Data section =>
=====

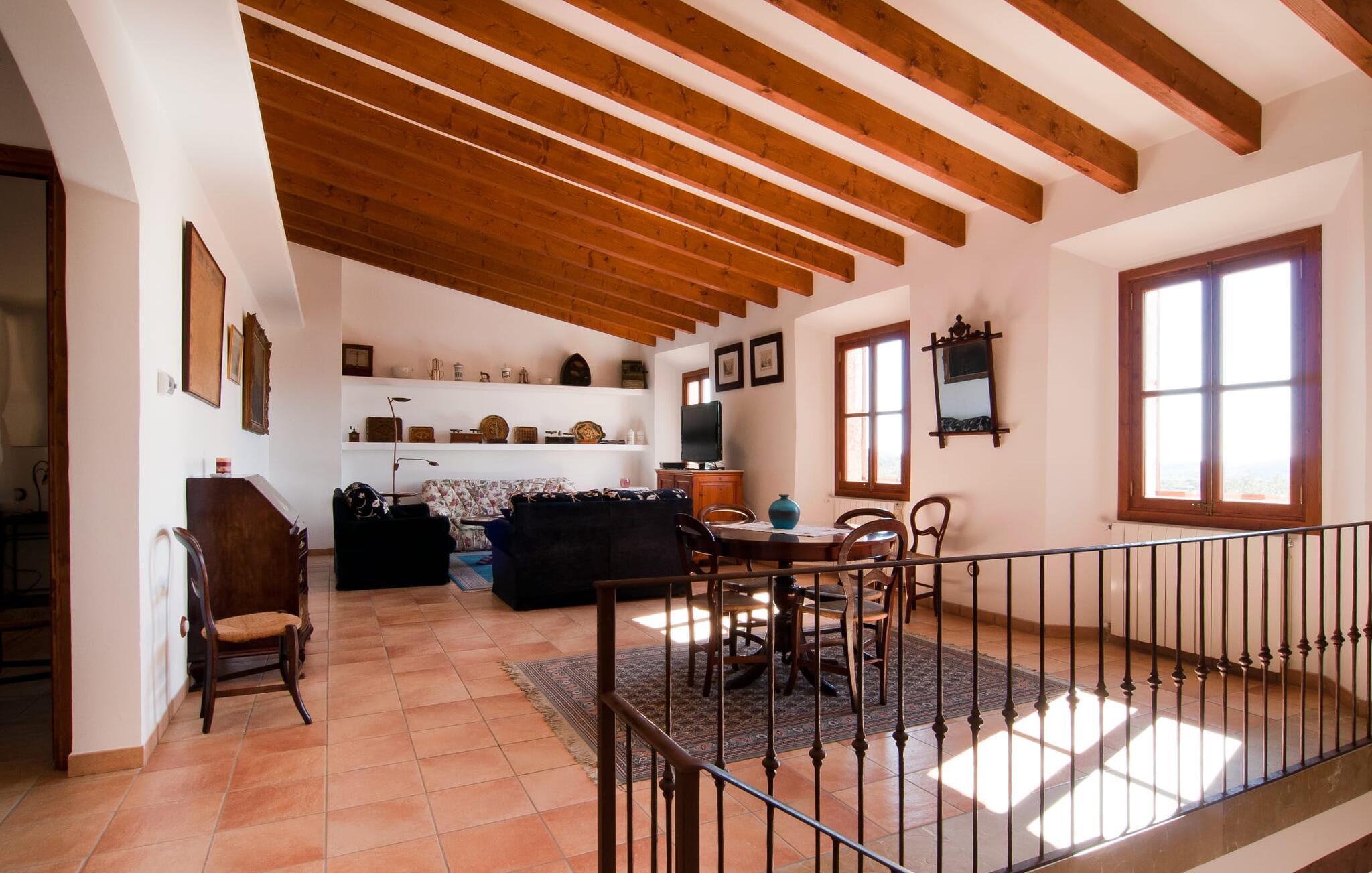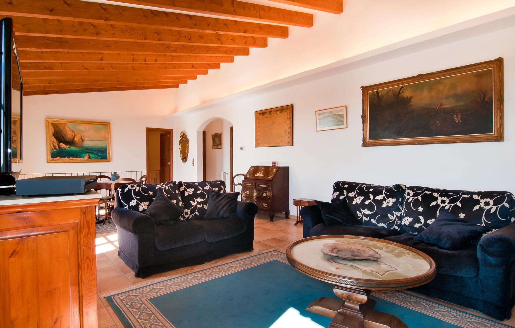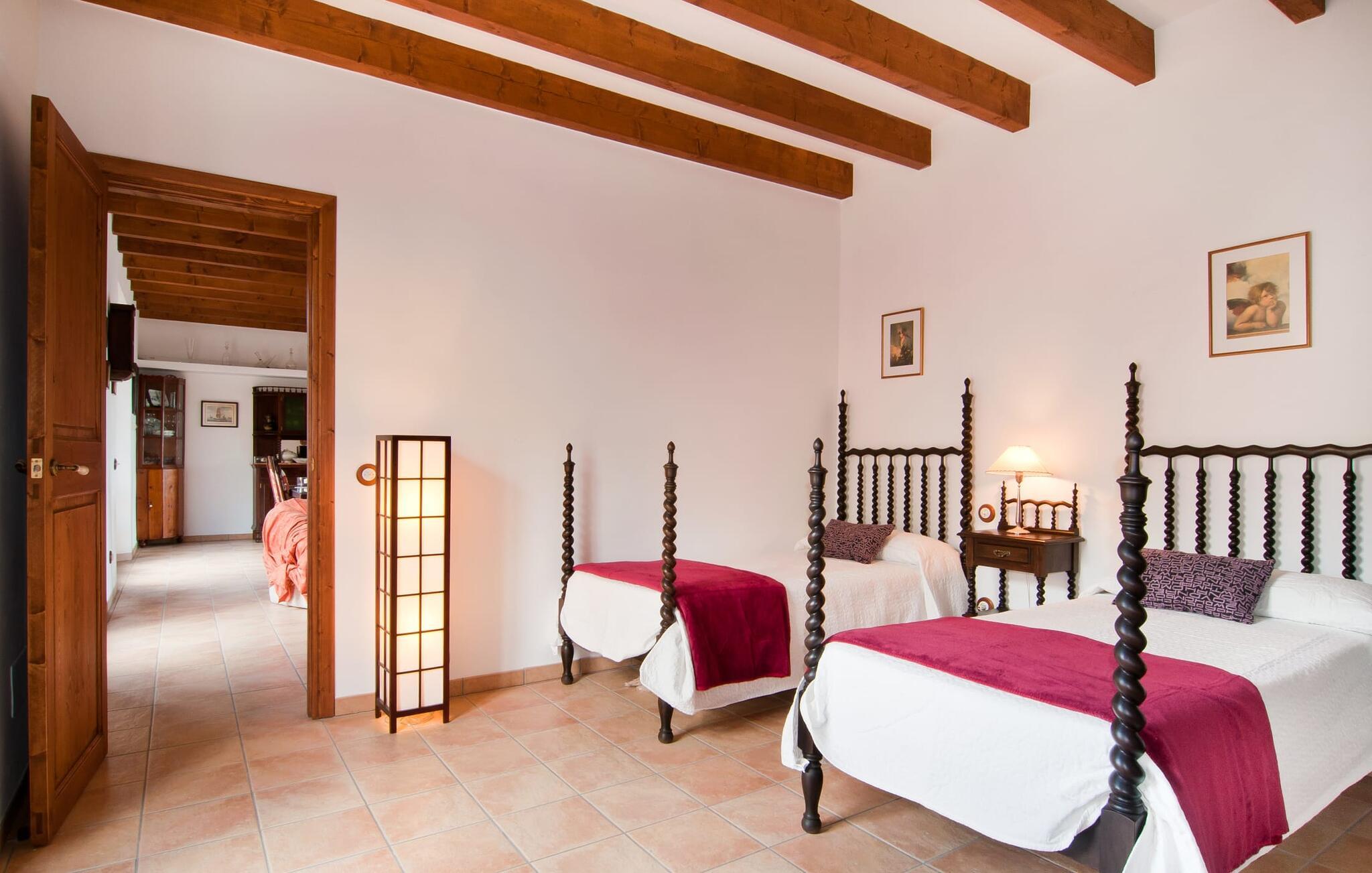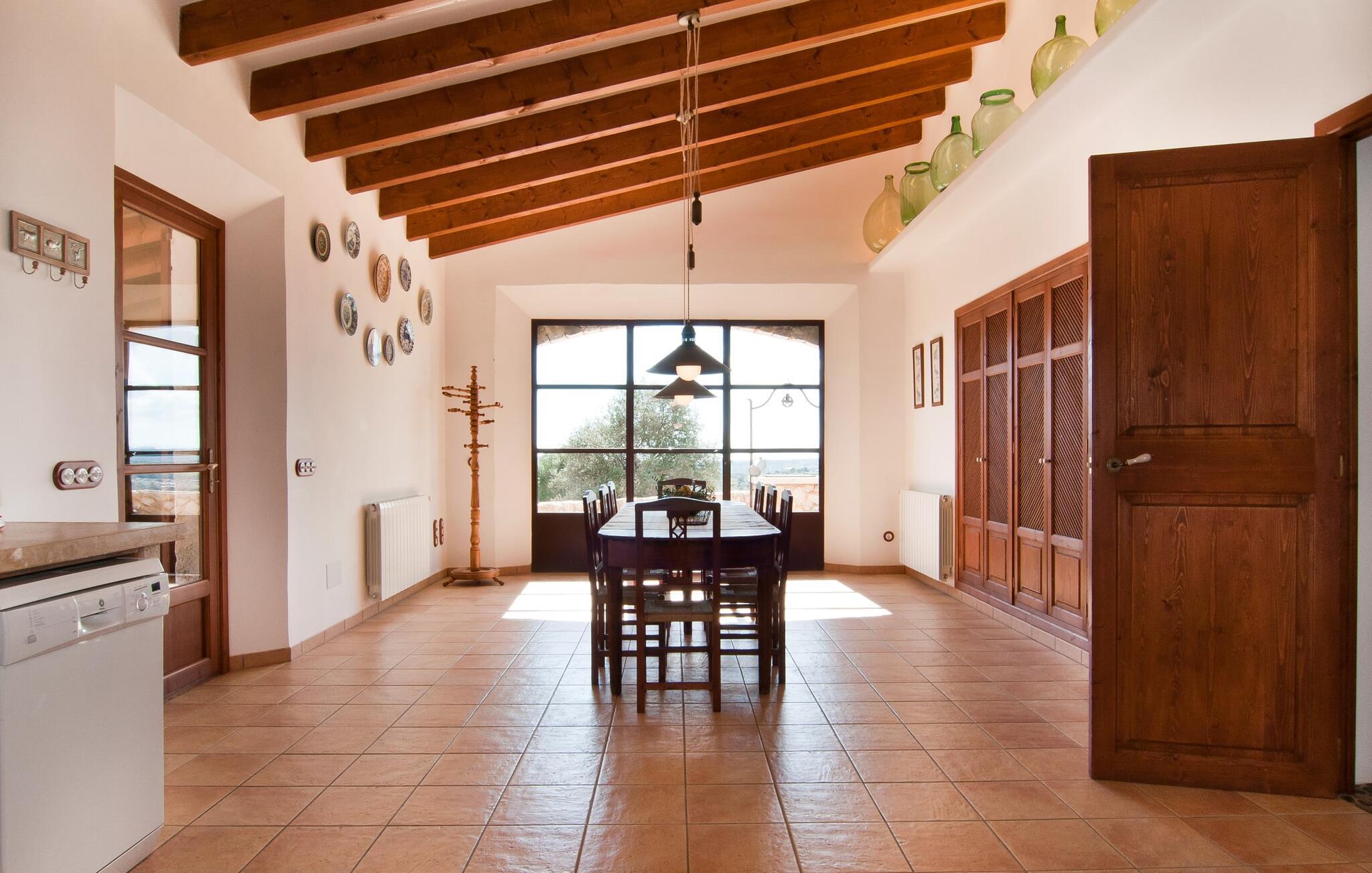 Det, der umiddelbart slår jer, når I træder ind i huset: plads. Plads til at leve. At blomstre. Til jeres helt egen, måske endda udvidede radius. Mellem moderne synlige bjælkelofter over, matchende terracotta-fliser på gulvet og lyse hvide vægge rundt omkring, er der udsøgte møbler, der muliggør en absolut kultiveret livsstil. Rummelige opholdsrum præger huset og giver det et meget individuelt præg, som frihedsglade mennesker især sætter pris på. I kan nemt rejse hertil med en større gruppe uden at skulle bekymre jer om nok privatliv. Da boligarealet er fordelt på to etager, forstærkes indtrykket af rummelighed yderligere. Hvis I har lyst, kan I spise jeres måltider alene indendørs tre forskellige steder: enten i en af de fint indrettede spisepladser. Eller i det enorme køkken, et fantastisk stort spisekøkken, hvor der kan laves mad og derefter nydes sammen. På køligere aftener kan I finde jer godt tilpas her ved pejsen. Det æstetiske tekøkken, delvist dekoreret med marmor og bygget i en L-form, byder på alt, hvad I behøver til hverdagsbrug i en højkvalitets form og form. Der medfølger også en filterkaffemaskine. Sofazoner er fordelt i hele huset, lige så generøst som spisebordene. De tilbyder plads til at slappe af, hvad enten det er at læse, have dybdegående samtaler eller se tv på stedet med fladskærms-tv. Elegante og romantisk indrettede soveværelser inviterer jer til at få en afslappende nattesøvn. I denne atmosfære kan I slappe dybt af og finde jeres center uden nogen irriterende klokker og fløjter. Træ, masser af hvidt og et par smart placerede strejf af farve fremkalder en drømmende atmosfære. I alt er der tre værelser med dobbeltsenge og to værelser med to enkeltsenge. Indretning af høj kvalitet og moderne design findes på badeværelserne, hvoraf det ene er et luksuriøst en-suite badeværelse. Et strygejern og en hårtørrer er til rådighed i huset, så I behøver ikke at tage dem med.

=====

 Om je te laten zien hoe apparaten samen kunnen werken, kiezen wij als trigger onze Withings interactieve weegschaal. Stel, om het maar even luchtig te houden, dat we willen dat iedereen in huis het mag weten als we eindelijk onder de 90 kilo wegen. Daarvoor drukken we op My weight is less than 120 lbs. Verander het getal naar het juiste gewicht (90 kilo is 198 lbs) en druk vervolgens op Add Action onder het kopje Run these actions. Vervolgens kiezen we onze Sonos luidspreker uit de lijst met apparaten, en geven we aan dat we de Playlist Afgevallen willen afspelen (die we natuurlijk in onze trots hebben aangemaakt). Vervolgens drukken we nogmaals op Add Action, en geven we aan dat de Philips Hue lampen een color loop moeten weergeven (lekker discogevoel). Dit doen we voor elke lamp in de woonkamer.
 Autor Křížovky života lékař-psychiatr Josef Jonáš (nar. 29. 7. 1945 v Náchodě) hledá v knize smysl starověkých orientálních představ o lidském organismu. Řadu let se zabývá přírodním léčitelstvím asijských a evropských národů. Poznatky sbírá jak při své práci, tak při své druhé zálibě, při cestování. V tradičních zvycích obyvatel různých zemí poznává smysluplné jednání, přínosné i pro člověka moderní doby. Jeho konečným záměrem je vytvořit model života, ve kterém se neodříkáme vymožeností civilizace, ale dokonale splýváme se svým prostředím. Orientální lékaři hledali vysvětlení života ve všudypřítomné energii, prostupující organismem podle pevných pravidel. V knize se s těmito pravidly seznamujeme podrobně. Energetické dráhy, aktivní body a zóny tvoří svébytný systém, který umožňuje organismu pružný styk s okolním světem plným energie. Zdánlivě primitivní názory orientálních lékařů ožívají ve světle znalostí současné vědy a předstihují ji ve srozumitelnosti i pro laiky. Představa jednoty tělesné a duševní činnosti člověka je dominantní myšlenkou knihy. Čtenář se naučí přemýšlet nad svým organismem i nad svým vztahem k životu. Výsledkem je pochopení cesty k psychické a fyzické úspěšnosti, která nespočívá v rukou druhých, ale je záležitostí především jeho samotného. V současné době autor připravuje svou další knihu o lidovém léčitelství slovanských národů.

=====

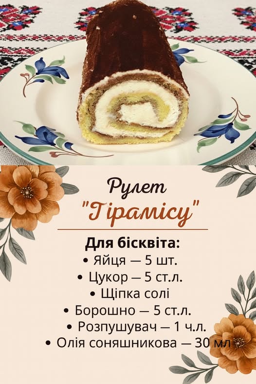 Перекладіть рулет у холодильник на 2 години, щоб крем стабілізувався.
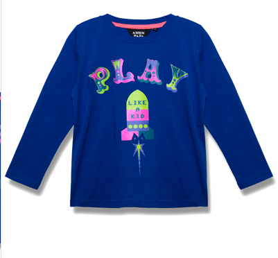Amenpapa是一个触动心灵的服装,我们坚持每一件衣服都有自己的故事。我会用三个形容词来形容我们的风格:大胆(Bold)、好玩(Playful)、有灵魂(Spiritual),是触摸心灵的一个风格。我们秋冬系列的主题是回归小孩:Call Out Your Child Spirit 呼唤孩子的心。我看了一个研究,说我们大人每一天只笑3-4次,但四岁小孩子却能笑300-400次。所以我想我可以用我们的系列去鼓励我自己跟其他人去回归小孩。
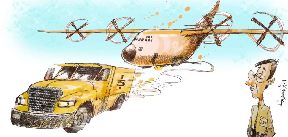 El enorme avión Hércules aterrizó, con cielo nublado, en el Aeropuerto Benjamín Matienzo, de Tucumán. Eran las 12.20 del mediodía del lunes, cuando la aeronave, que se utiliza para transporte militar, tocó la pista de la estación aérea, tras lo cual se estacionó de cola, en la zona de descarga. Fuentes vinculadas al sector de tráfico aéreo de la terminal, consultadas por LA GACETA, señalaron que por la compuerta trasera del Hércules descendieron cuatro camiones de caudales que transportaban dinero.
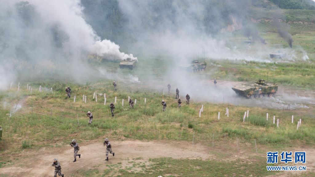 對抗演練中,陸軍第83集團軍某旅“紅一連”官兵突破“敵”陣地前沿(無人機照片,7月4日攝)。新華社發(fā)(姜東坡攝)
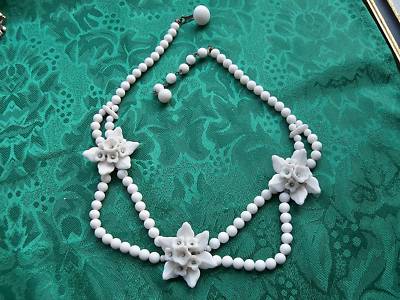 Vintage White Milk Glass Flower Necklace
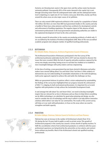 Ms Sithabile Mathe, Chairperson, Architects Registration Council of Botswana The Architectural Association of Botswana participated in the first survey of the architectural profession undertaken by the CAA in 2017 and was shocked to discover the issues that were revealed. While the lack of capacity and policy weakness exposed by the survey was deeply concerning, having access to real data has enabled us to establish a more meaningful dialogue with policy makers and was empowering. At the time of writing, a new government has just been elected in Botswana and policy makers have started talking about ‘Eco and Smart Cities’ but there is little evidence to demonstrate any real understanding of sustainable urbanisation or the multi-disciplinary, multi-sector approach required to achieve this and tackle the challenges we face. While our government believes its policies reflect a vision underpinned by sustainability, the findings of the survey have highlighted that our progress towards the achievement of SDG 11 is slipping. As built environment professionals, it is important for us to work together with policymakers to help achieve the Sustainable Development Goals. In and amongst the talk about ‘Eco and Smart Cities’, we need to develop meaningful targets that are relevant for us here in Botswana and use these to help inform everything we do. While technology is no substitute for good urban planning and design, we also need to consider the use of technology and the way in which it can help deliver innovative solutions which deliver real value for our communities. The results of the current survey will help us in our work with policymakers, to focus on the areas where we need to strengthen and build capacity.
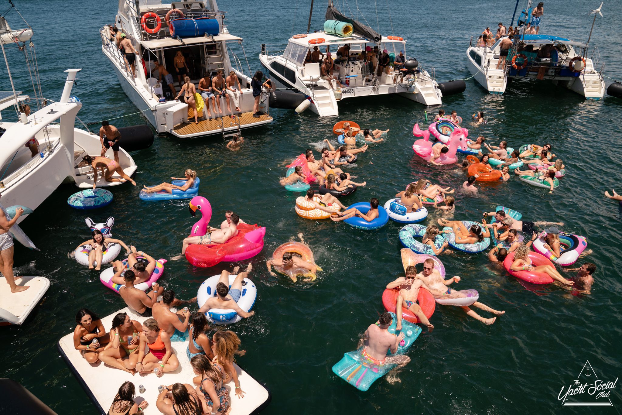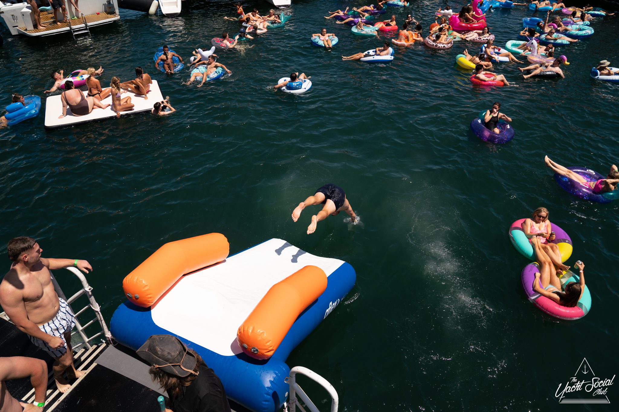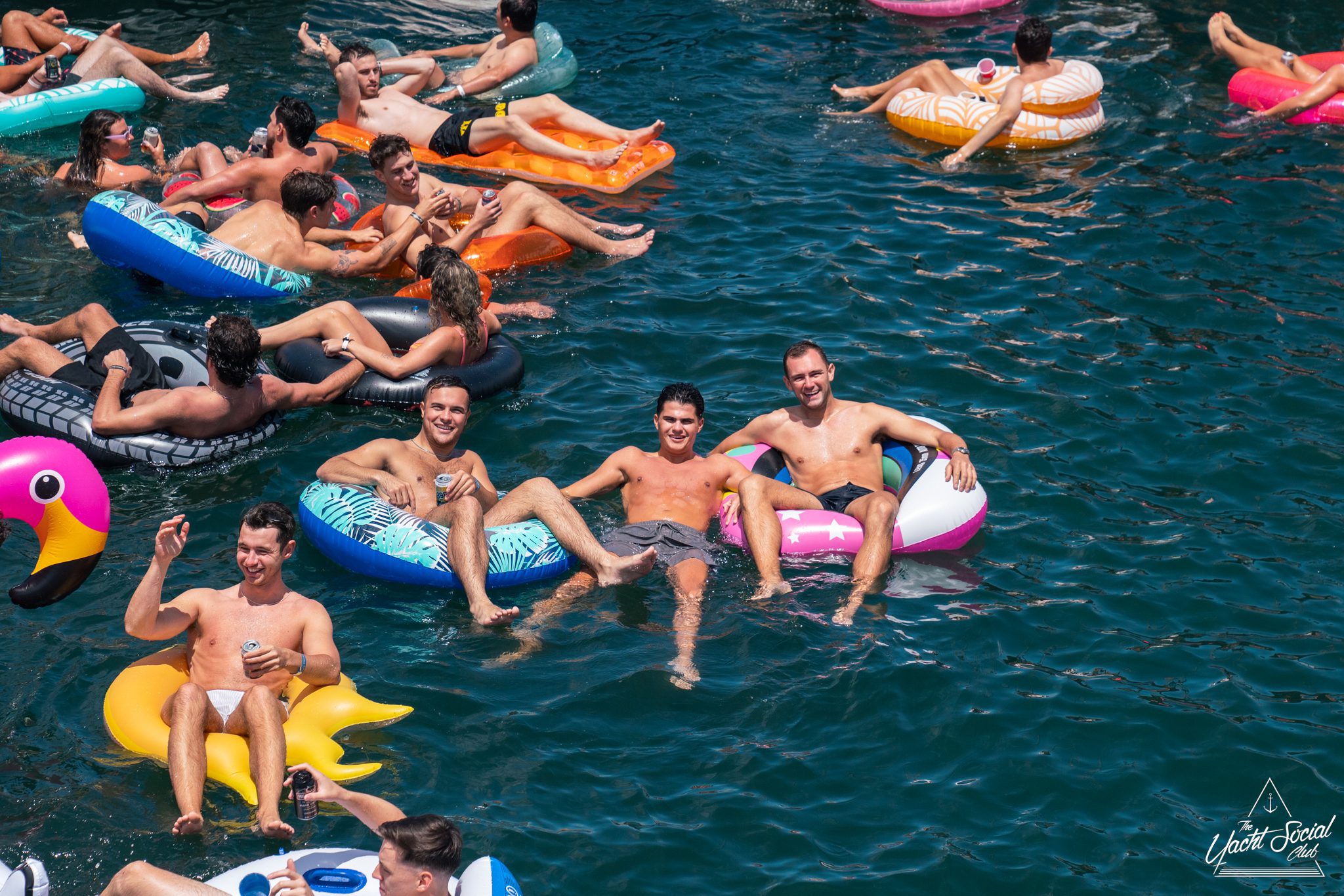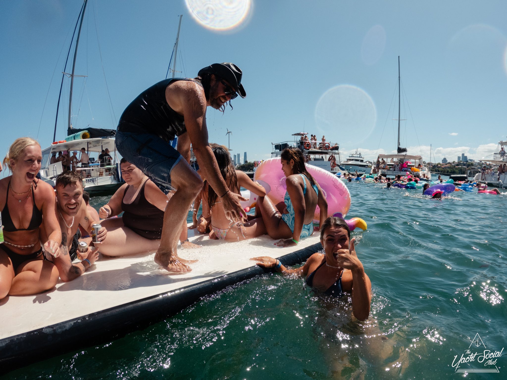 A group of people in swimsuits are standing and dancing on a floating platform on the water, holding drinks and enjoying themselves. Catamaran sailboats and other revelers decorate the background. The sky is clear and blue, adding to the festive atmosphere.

=====

Task => From the data above, retype only the lines starting with the line with "對抗演練中,陸軍第83集團軍" and going on through the line with "Vintage White Milk Glass Flower Necklace", exactly, leaving out the pictures.

Exercise solution =>
 對抗演練中,陸軍第83集團軍某旅“紅一連”官兵突破“敵”陣地前沿(無人機照片,7月4日攝)。新華社發(fā)(姜東坡攝)
 Vintage White Milk Glass Flower Necklace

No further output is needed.